• _Instructions for the task_:
Copy each record exactly as it reads, leaving out any pictures it holds.

• _Provided entries_:
──────

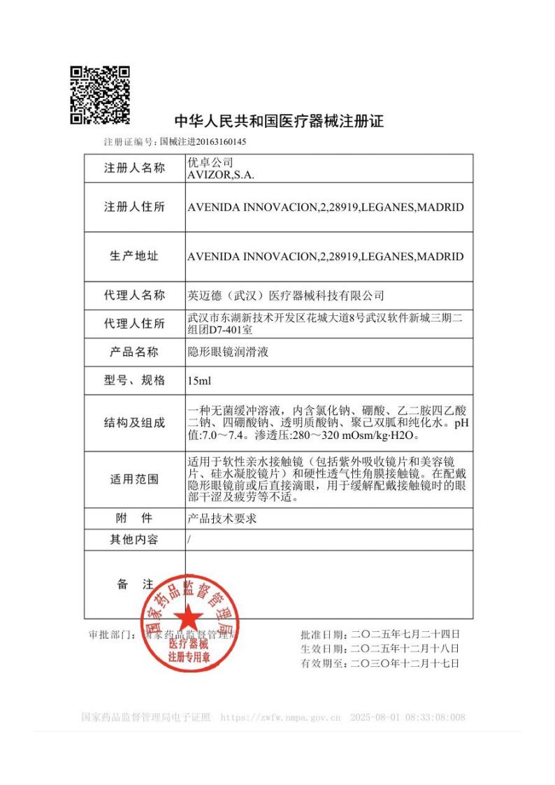 | 优卓公司AVIZOR,S.A. | 英迈德(武汉)医疗器械科技有限公司 |
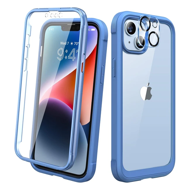 Diaclara iPhone 14 Case 360 Full Body Rugged Case with Touch Screen Protector - Elegant Blue
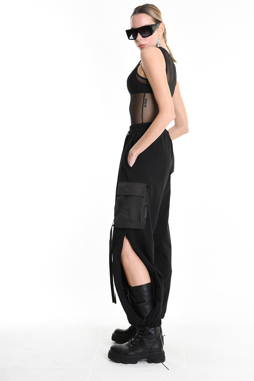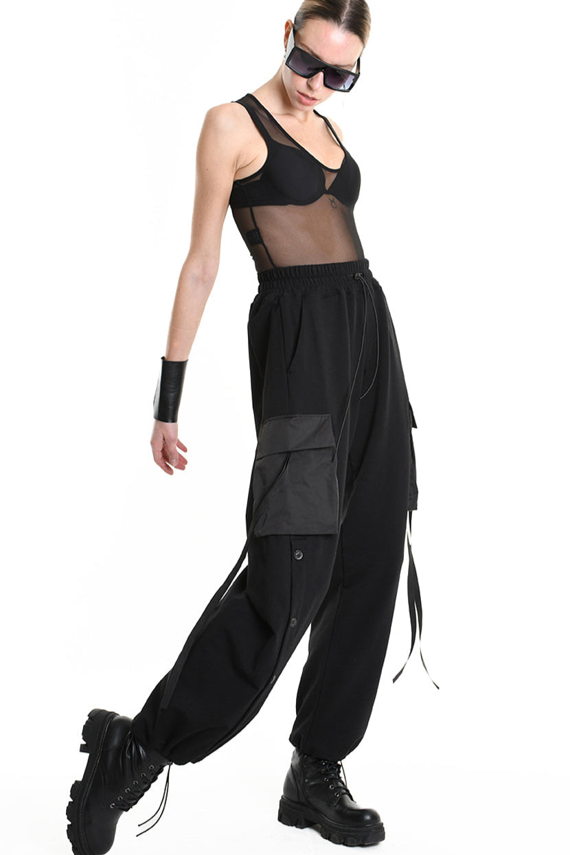 Experience comfort and style with these wide-fit trousers crafted from stretch fleece and detailed with embossed nylon pockets. Designed with an elastic waistband and adjustable drawstrings at both the waist and hem, they provide a perfect fit and versatile look. Side buttons add a subtle edge, while the Italian craftsmanship ensures quality and durability. Ideal for a chic yet relaxed outfit, these trousers blend functionality and fashion effortlessly.
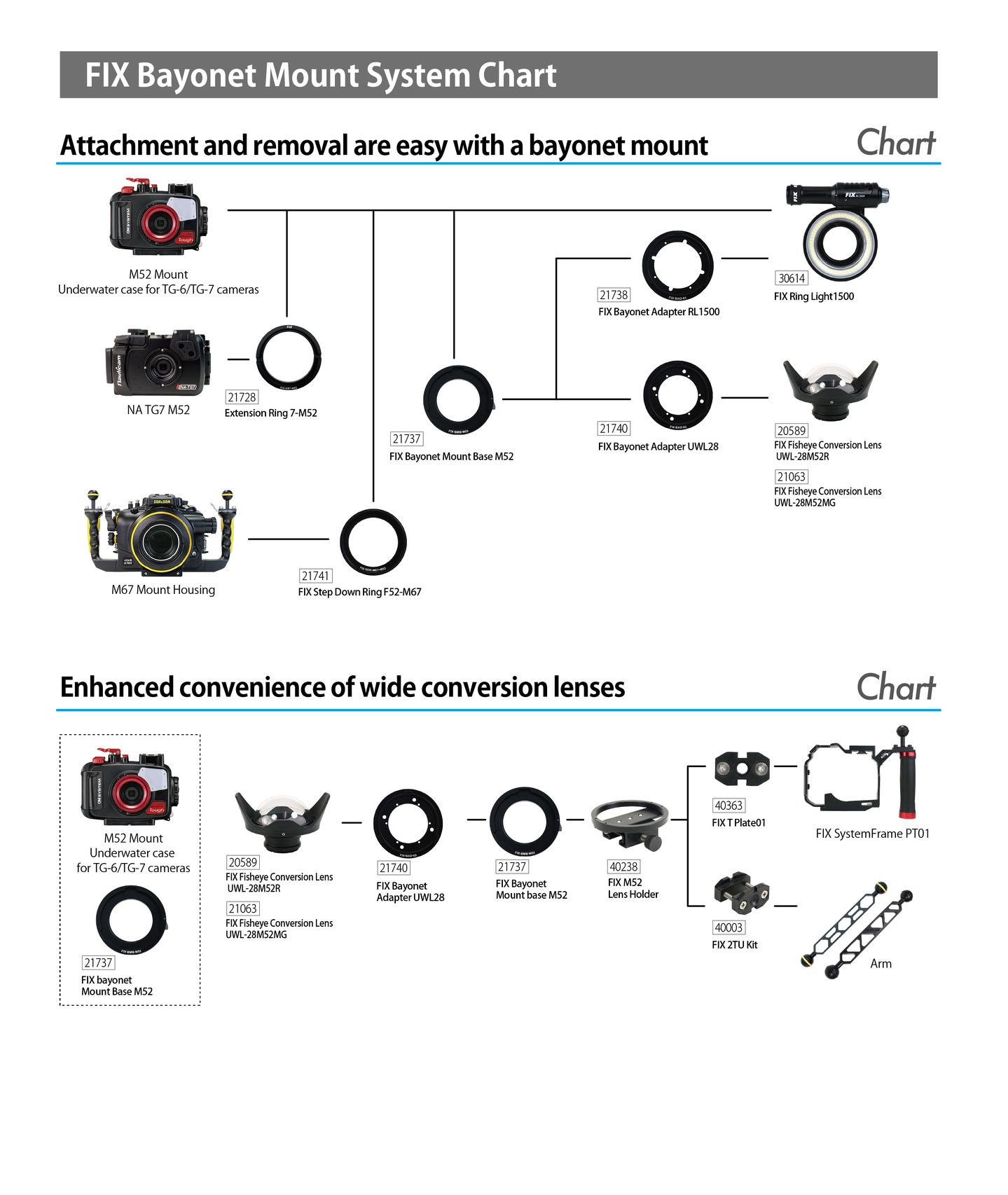 Converts the M52 mount/magnetic mount of the “FIX Fisheye Conversion Lens UWL-28M52R/MG” to a bayonet mount.
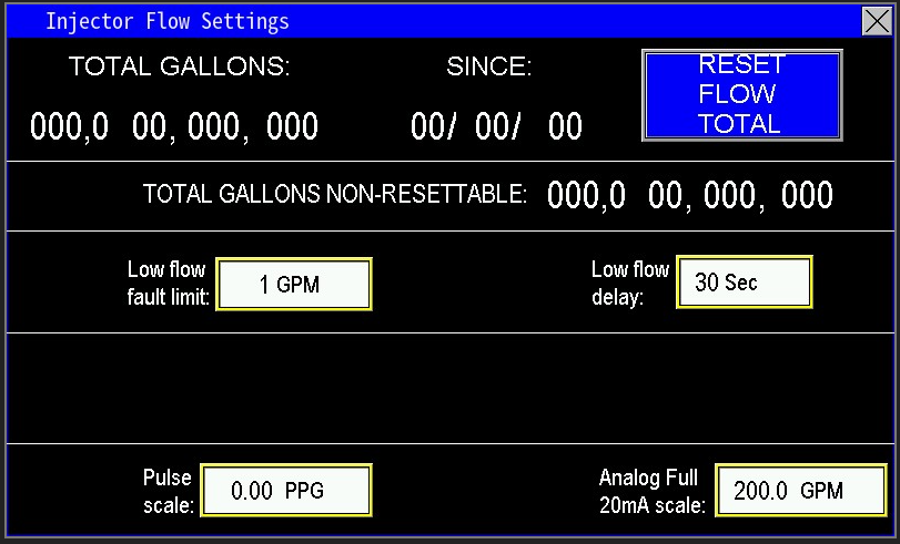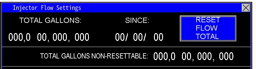 At the top of the screen (Image 1.2), the PLC displays real-time data collected from the injector flow meter.. The "since" date indicates the last reset point; pressing the "Reset Flow Total" button will reset the gallons counter to zero and update the "since" date to the current date on the HMI.
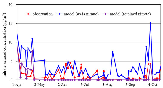 Figure 12 compares the observed nitrate with the modeled nitrate between April and October during which Equation (5) predicted a significant evaporation loss of nitrate as shown in Figure 11. As the nitrate was measured every three days, the modeled nitrate concentrations were also selected every three days in the Figure 12. The modeled retained nitrate agreed well with the observed nitrate in April, August, September, and October, indicating that Equation (5) calculated the nitrate evaporation loss accurately. The retained nitrate concentrations were kept below 5 μg/m3 to lessen the nitrate overestimation appeared in the as-is nitrate concentration. However, the observed nitrate was closer to the modeled as-is nitrate than the modeled retained nitrate about half of May, June and July. This underestimation of the retained nitrate is probably due to inaccurate estimation of the temperature to which the nitrate evaporation loss is sensitive.

──────

• _Output for this exercise_:
 | 优卓公司AVIZOR,S.A. | 英迈德(武汉)医疗器械科技有限公司 |
 Diaclara iPhone 14 Case 360 Full Body Rugged Case with Touch Screen Protector - Elegant Blue
 Experience comfort and style with these wide-fit trousers crafted from stretch fleece and detailed with embossed nylon pockets. Designed with an elastic waistband and adjustable drawstrings at both the waist and hem, they provide a perfect fit and versatile look. Side buttons add a subtle edge, while the Italian craftsmanship ensures quality and durability. Ideal for a chic yet relaxed outfit, these trousers blend functionality and fashion effortlessly.
 Converts the M52 mount/magnetic mount of the “FIX Fisheye Conversion Lens UWL-28M52R/MG” to a bayonet mount.
 At the top of the screen (Image 1.2), the PLC displays real-time data collected from the injector flow meter.. The "since" date indicates the last reset point; pressing the "Reset Flow Total" button will reset the gallons counter to zero and update the "since" date to the current date on the HMI.
 Figure 12 compares the observed nitrate with the modeled nitrate between April and October during which Equation (5) predicted a significant evaporation loss of nitrate as shown in Figure 11. As the nitrate was measured every three days, the modeled nitrate concentrations were also selected every three days in the Figure 12. The modeled retained nitrate agreed well with the observed nitrate in April, August, September, and October, indicating that Equation (5) calculated the nitrate evaporation loss accurately. The retained nitrate concentrations were kept below 5 μg/m3 to lessen the nitrate overestimation appeared in the as-is nitrate concentration. However, the observed nitrate was closer to the modeled as-is nitrate than the modeled retained nitrate about half of May, June and July. This underestimation of the retained nitrate is probably due to inaccurate estimation of the temperature to which the nitrate evaporation loss is sensitive.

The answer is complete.